----- SUPPLIED RECORDS -----

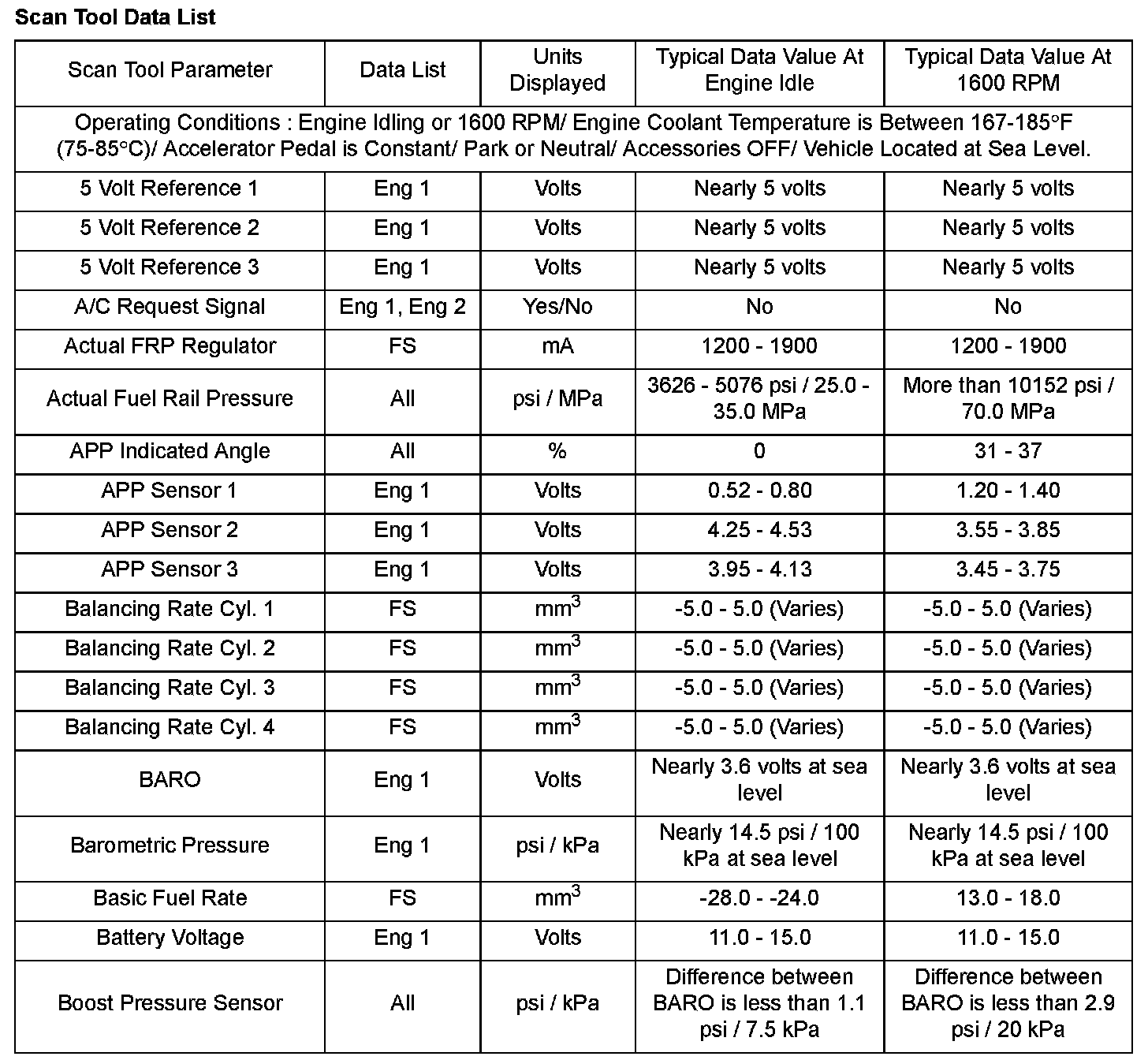 Scan tool values from a properly running engine may be used for comparison with the engine you are diagnosing. The Engine Scan Tool Data List represents values that would be seen on a normal running engine.
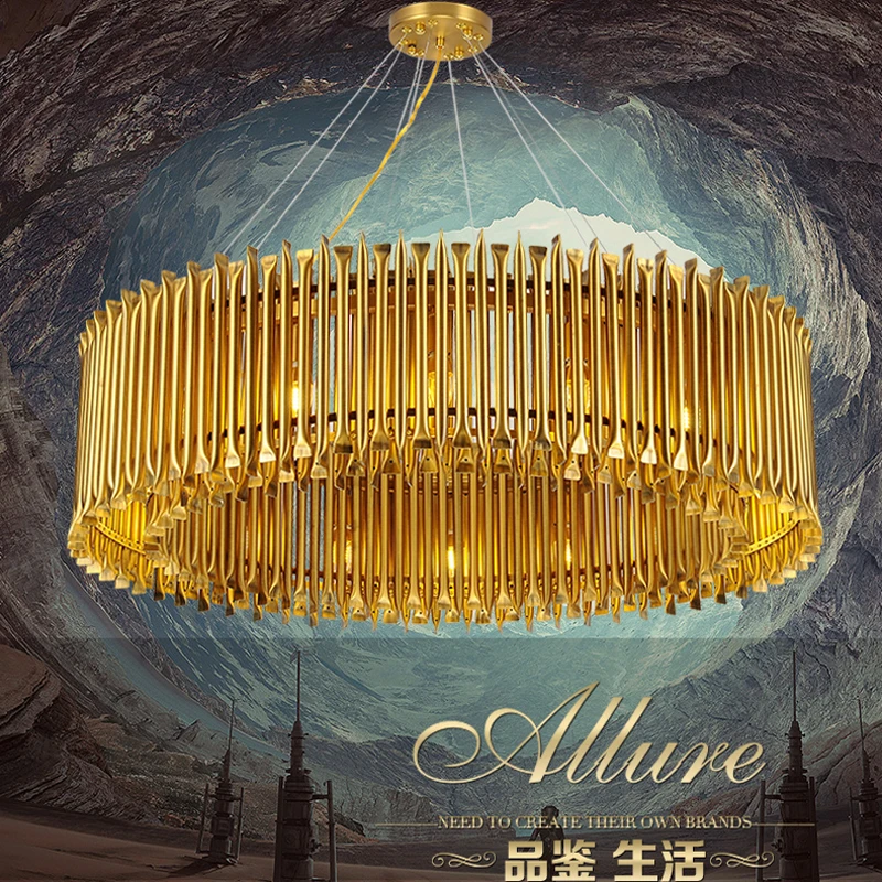 Us 1610 7 9 Off Aluminiumlegierung Gold Anhanger Leuchtet Esszimmer Pendelleuchte Moderne Lampen Fur Hauptbeleuchtung Hohe Decken Wohnzimmer
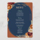 Stylish modern autumn orange navy floral wedding Menu. Elevate your wedding reception with this stylish modern autumn wedding menu, featuring a sophisticated blend of warm orange and deep navy florals. Perfect for an elegant fall celebration, this menu card beautifully displays your carefully curated meal details while adding a touch of seasonal charm to your tablescape. A chic and timeless addition to your wedding décor!
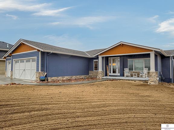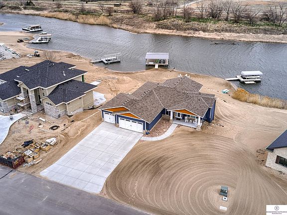 This stunning lake front ranch is the home you have been waiting for, tucked away on a super private sandy beach lot in this gated recreation neighborhood perfectly placed between Omaha and Lincoln w/ no rear neighbors and common space in front of you. This craftsman ranch w/ a hint of modern, is perfect for any lifestyle. The large open main room w/ cozy fireplace, loads of windows, spacious kitchen w/ chefs refrigerator, double ovens, wine fridge, quartz, custom cabs and walk in pantry is ideal for entertaining. Primary suite is oversized w/ enormous walk in closet, his and her sinks, walk in shower and bathtub. Main floor also has office (could be another bedroom) and spacious guest suite perfect for those overnight visitors! Basement w/ polished concrete floor, sauna room, full bar, theatre and 2 extra bedrooms, completed w/ lake bath, changing room and so so much more. Enjoy evenings on your gorgeous patio with built in fire pit, enormous beach front and personal dock.
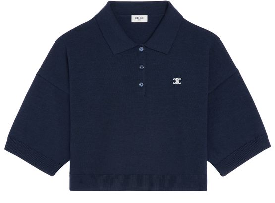 Discover Celine's Triomphe cropped polo in wool with its elegant Triomphe embroidery. The loose fit and cropped length make it a modern staple, while the shirt collar and dropped shoulders add a touch of sophistication. Finished with three exquisite mother-of-pearl buttons, it's a wardrobe must-have.
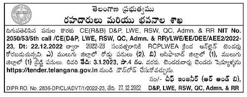 Tender for Road Works in Mulugu District (2). b) Bridge works in Asifabad district (1) and Mulugu district
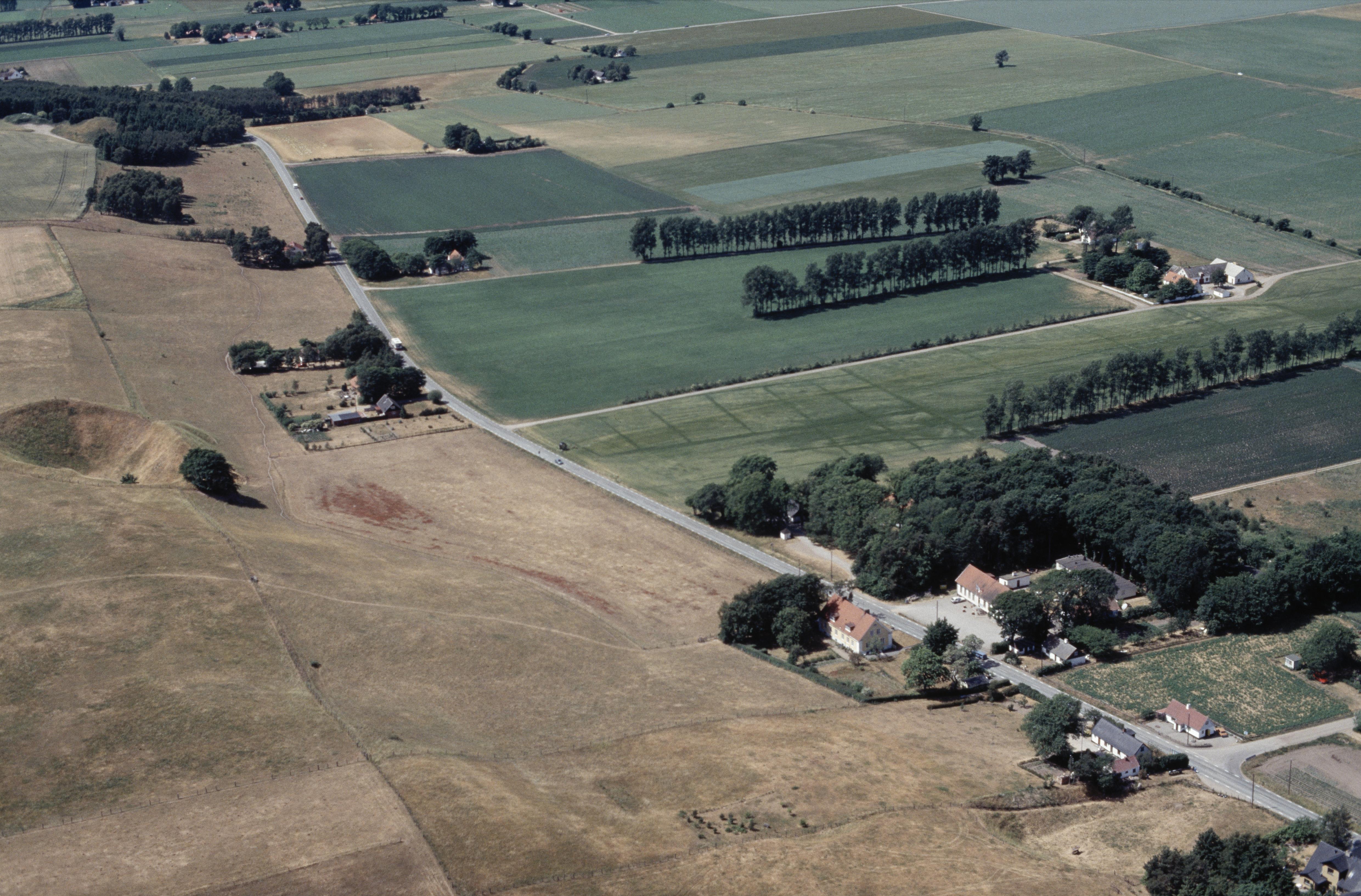 Beskrivning: Vid bildens mitt fastigheten Hagestad 44:78 vid Östra Kustvägen, Sandhammaren. Gravfält RAÄnr Löderup 4:1 till höger. Bilden är tagen mot (väderstreck): NV
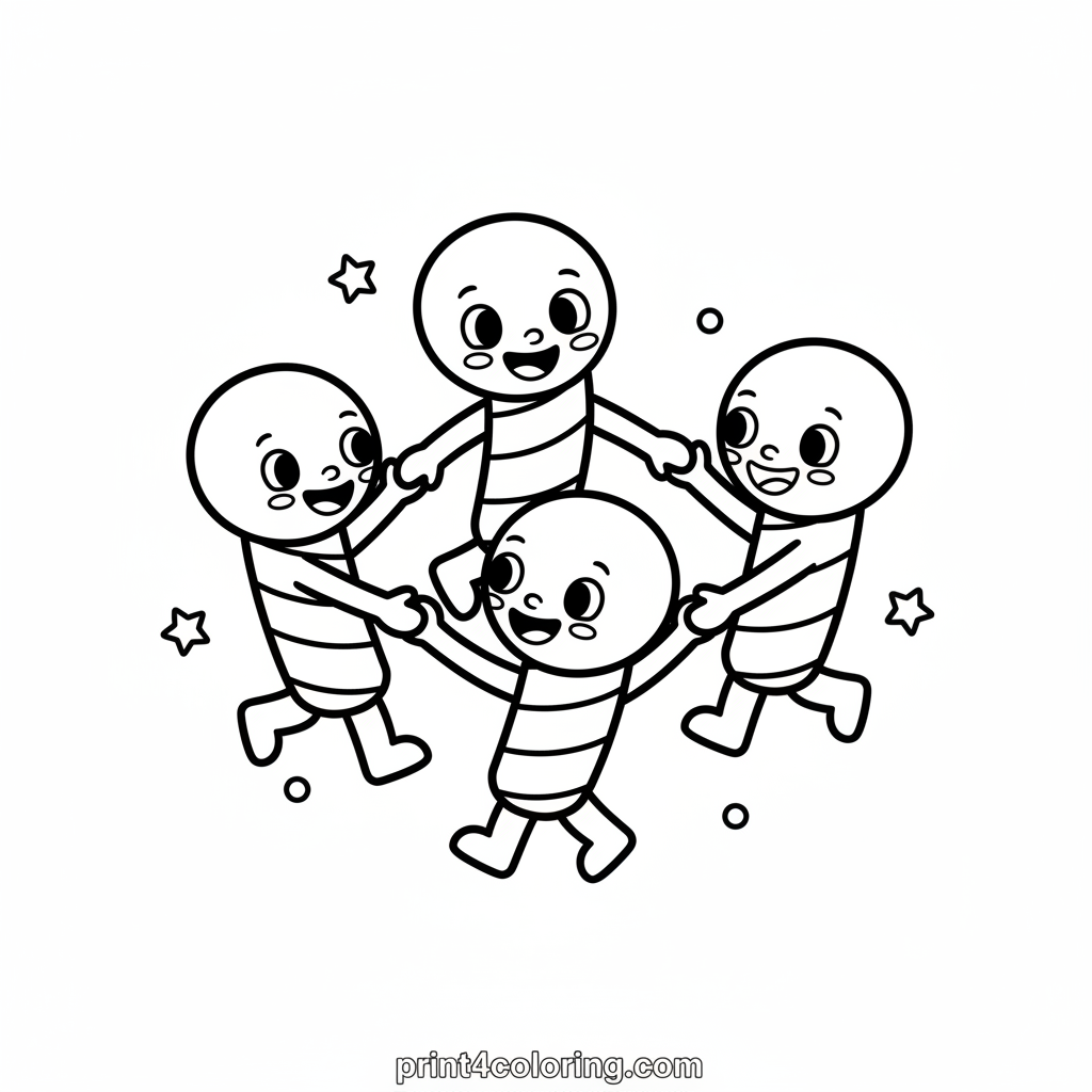 Join three joyful candy cane friends as they hold hands and dance in a happy, simple circle! This delightful coloring page is designed with easy-to-color shapes and friendly characters, making it absolutely perfect for young children ages 3-7 to express their creativity and add a splash of color to a sweet celebration.

-----

*EXERCISE REQUIREMENTS:* Print the data exactly, from its first line to the line containing "Stylish modern autumn orange", both included. Omit the pictures.

*SOLUTION TO THIS PROBLEM:*
 Scan tool values from a properly running engine may be used for comparison with the engine you are diagnosing. The Engine Scan Tool Data List represents values that would be seen on a normal running engine.
 Us 1610 7 9 Off Aluminiumlegierung Gold Anhanger Leuchtet Esszimmer Pendelleuchte Moderne Lampen Fur Hauptbeleuchtung Hohe Decken Wohnzimmer
 Stylish modern autumn orange navy floral wedding Menu. Elevate your wedding reception with this stylish modern autumn wedding menu, featuring a sophisticated blend of warm orange and deep navy florals. Perfect for an elegant fall celebration, this menu card beautifully displays your carefully curated meal details while adding a touch of seasonal charm to your tablescape. A chic and timeless addition to your wedding décor!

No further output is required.